Network operators were keen to adopt these technologies in their networks as they provide a flexible way of introducing new features and customers to an existing network. At the same time these networks scale in a very reliable way, by differentiating the role of the equipment according to its function. An example of this is that we have MPLS edge routers (PE or LER) that have detailed knowledge about the customer networks that they need to serve and then MPLS core routers (P or LSR) that don’t have any state about customer networks, but provide pure connectivity between edge routers. Essentially this means that there is no single edge router in the network that has to know the states of all customers, but just the ones it needs to serve.
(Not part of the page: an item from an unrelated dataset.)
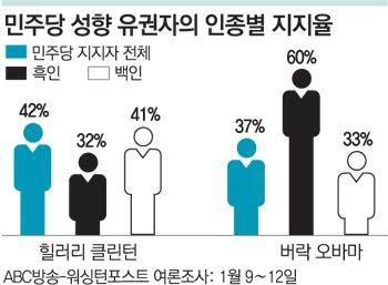 ▽유권자의 묘한 흑백의식=19일 네바다 프라이머리(예비경선)에서 흑인 유권자 중 83%가 오바마 후보를 지지했다. 불과 3개월 전만 해도 흑인 표의 절반 이상은 경쟁자인 힐러리 후보에게 몰렸던 것과 비교하면 급격한 변화가 아닐 수 없다.

Core routers are just aware about the carrier’s own network and can be optimized to provide fast processing of transit traffic while edge routers provide lower density, but more features.

As MPLS networks got more and more common, there were also approaches to stretch the MPLS domain from the WAN to the datacenter up to the Top-of-Rack (ToR) Switch in order to address scalability issues seen with traditional Layer 2 based Datacenters. Essentially this would have meant that each ToR Switch would act as a PE router in the MPLS network. There was only little adoption to this principle, as this increased the complexity of ToR switches and still did not solve the integration problem between the computing layer and the network layer. There was still a need to run VLANs between the Switch and the hypervisor in order to attach virtual machines to the correct network.

With the ascent of Software Defined Networking (SDN) new efforts were made to bring overlay networks to data centers, however this time the edge function was moved moved down to the hypervisor on the computing layer. Additionally, a new set of overlay technologies besides MPLS became popular, of which one is VXLAN.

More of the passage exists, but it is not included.